[contrib] message-capture-parser: fix out of bounds error for empty vectors #25367

pull theStack wants to merge 1 commits into bitcoin:master from theStack:202206-contrib-fix_message_capture_out_of_bounds changing 1 files +2 −1
  1. theStack commented at 12:21 AM on June 14, 2022: member

    The script message-capture-parser.py currently throws an "out of bounds" error if a message containing an empty integer vector element is tried to converted to JSON (e.g. by the BIP157 message cfcheckpt with empty FilterHeaders vector):

    Traceback (most recent call last):
      File "/home/honey/bitcoin/./contrib/message-capture/message-capture-parser.py", line 217, in <module>
        main()
      File "/home/honey/bitcoin/./contrib/message-capture/message-capture-parser.py", line 202, in main
        process_file(str(capture), messages, "recv" in capture.stem, progress_bar)
      File "/home/honey/bitcoin/./contrib/message-capture/message-capture-parser.py", line 162, in process_file
        msg_dict["body"] = to_jsonable(msg)
      File "/home/honey/bitcoin/./contrib/message-capture/message-capture-parser.py", line 85, in to_jsonable
        elif slot in HASH_INT_VECTORS and isinstance(val[0], int):
    IndexError: list index out of range
    

    Fix this by using the all(...) predicate rather to access the first element val[0] (which in the error case doesn't exist).

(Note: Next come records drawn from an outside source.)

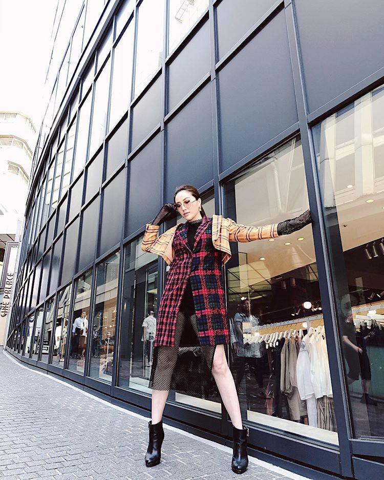 Nổi loạn với trang phục lưới sexy khoác ngoài nhiều layer áo kẻ ô đầy sắc màu.
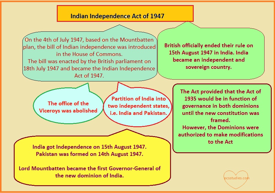 - The bill was enacted by the British Parliament on 18th July 1947 and became the Indian Independence Act of 1947.
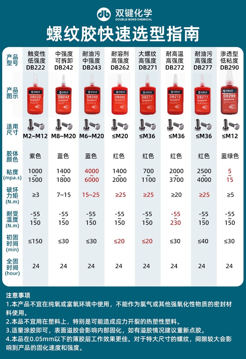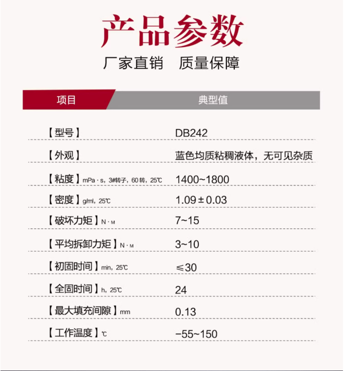 双键螺纹厌氧胶DB242 DB243用于M6~M20的螺纹紧固件的锁固、密封,可用普通工具拆卸;通用型、触变性粘度、溶油性好,可在轻微油质表面使用。
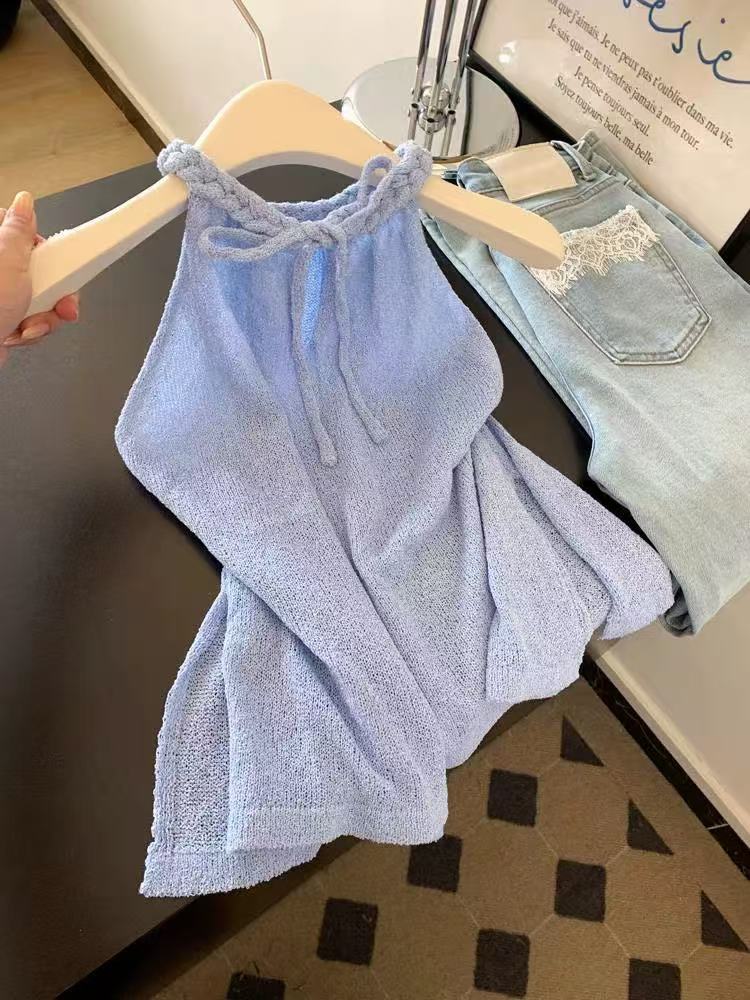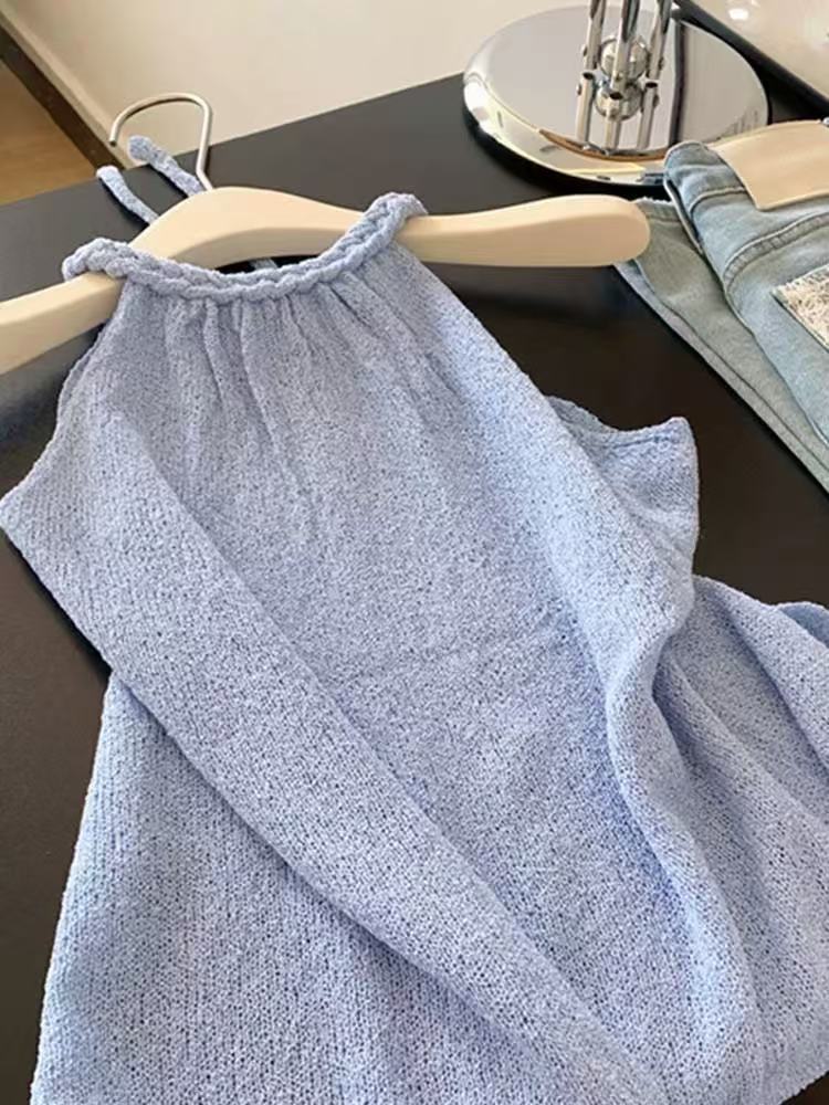 Chaleco de punto sin mangas halter puro y sexy para mujer 2025 estilo coreano súper favorecedor chic top delgado ins
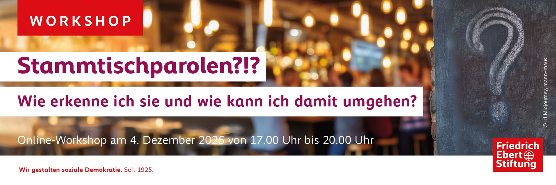 Veranstaltung News Geschichte, Kultur, Medien, Netzpolitik Online-Workshop: Stammtischparolen?!? - Wie erkenne ich sie und wie kann ich damit umgehen? 04.12.2025 17:00 bis 04.12.2025 20:00 - Online Terminexport im ICS-Format Der Workshop dauert ca. 2,5 Stunden und findet über die Plattform Zoom statt. Der Workshop ist sehr interaktiv und setzt auf die Mitarbeit der Teilnehmenden. Falls es also Alltagssituationen gibt, die im Workshop besprochen werden sollen, können sie gerne mitgeteilt werden. Bild: Urheber: FES 25_12_4_EK_Stammtisch_online.pdf 214 KB Donnerstag, 04.12.25 Online freie Plätze Stammtischparolen?!? - Wie erkenne ich sie und wie kann ich damit umgehen? Veranstaltungsnummer: 285624 – als .ics herunterladen Diskriminierung und diskriminierende Aussagen begegnen uns im Alltag öfter, als es uns lieb ist. Diese Aussagen verstecken sich immer wieder hinter sogenannten Stammtischparolen. Diese werden jedoch nicht immer direkt als diskriminierend wahrgenommen. Genau hier setzte der Online-Workshop zum Umgang mit Stammtischparolen an. Gemeinsam erarbeitet man sich Schritt für Schritt eine Strategie, die im Alltag umgesetzt werden kann. Der Workshop dauert ca. 2,5 Stunden und findet über die Plattform Zoom statt. Der Workshop ist sehr interaktiv und setzt auf die Mitarbeit der Teilnehmenden. Falls es also Alltagssituationen gibt, die im Workshop besprochen werden sollen, können sie gerne mitgeteilt werden.Dozentin: Anke Harms, freiberufliche Bildungsreferentin: Anke Harms studierte Politik- und Bildungswissenschaften an der Leibniz Universität in Hannover. Sie arbeitete mehrere Jahre bei der FES in der Jugend- und Erwachsenenbildung. Mittlerweile engagiert sie sich als freiberufliche Bildungsreferentin mit den Schwerpunkten Demokratiebildung und Aufklärung gegen Rechtsextremismus. Dateien 25_12_4_EK_Stammtisch_online.pdf Termin Donnerstag, 04.12.2517:00-20:00 Uhr Registrierung möglich von Donnerstag, 04.09.25 bis Donnerstag, 04.12.25 Teilnahmepauschale keine Veranstaltungsort Online Ansprechpartner_in Stephan Meuser nidersachsen@fes.de Kontaktanschrift Friedrich-Ebert-StiftungLandesbüro NiedersachsenTheaterstrasse 330159 HannoverTel. 0511-35770830 Fax. 0511-35770840
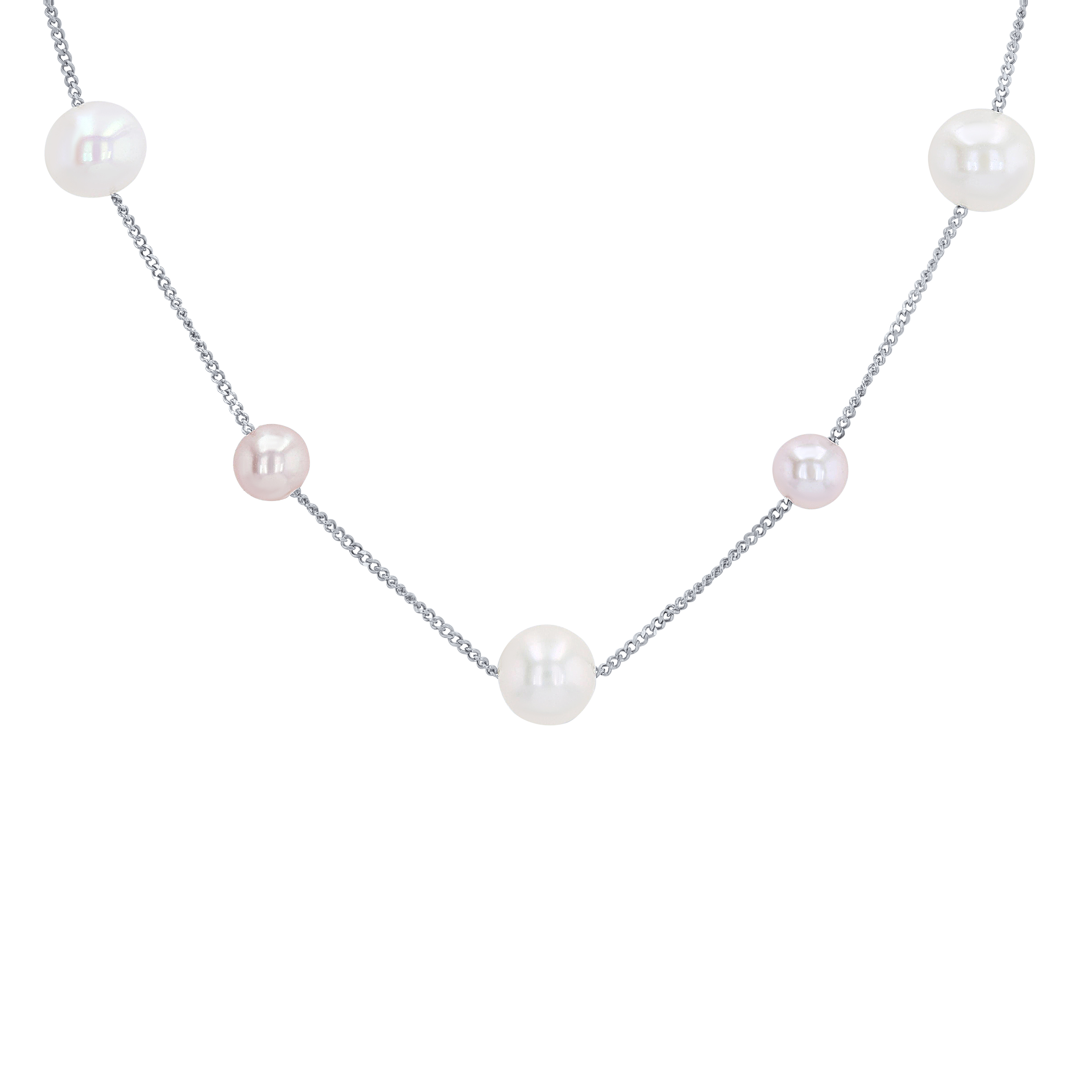 Product Description Alternating sizes and colors of pink and white freshwater pearls create a stunning tin cup necklace measuring 17 inches long. Other Details Women Wedding Band Type: Gemstone Pendant Type: Station Metal Color: White Gold Gemstone Type: Pearl Disable Reason: None Necklace Type: Fashion Length: 17 IN Type: Necklace Style: Contemporary
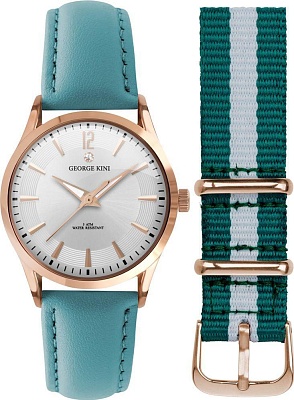 Женские наручные часы George Kini Classic GK.23.3.1R.17. Точный кварцевый механизм с аналоговой индикацией. Ремешок изготовлен из кожи. Браслет из нержавеющей стали. Сапфировое стекло. Искусственно изготовленное стекло с высокой прочностью и устойчивостью к царапинам. Часы являются водонепроницаемыми до 5 Бар. Цвет циферблата: Розовое золото. Цвет корпуса: Белый. На стрелки и отметки нанесен светонакопительный состав, благодаря этому считывать информацию с циферблата возможно и в темноте. Толщина: 7 мм. Гарантия: 2 года.

  2. theStack commented at 12:23 AM on June 14, 2022: member

    Can be reproduced with the following input file:

    $ xxd -p msgs_sent.dat
    0b74e2d1e1de050076657273696f6e000000000072000000801101004904
    000000000000812d7e620000000000000000000000000000000000000000
    000000000000000000004904000000000000000000000000000000000000
    000000000000508c4c90436c3d431c2f5361746f7368693a32332e39392e
    3028746573746e6f646530292f0000000001f293e2d1e1de050077747869
    6472656c61790000000000008796e2d1e1de050073656e64616464727632
    0000000000007397e2d1e1de050076657261636b00000000000000000000
    c2a1e2d1e1de050073656e64686561646572730000000000e1a3e2d1e1de
    050073656e64636d706374000000090000000002000000000000005fa4e2
    d1e1de050073656e64636d70637400000009000000000100000000000000
    17a7e2d1e1de050070696e670000000000000000080000006d37706c0c0f
    cf9aedaae2d1e1de05006765746865616465727300004500000080110100
    0106226e46111a0b59caaf126043eb5bbf28c34f3a5e332a1fc7b2b73cf1
    88910f000000000000000000000000000000000000000000000000000000
    0000000000e1b5e2d1e1de050066656566696c7465720000000800000035
    f08b00000000000d12e3d1e1de0500706f6e670000000000000000080000
    0001000000000000003c1de4d1e1de05006366636865636b707400000022
    0000000006226e46111a0b59caaf126043eb5bbf28c34f3a5e332a1fc7b2
    b73cf188910f00bc20e4d1e1de0500706f6e670000000000000000080000
    000200000000000000
    

    (Save the hex-lines into a file and convert it into the dump via $ xxd -p -r hexdump.txt > msgs_sent.dat).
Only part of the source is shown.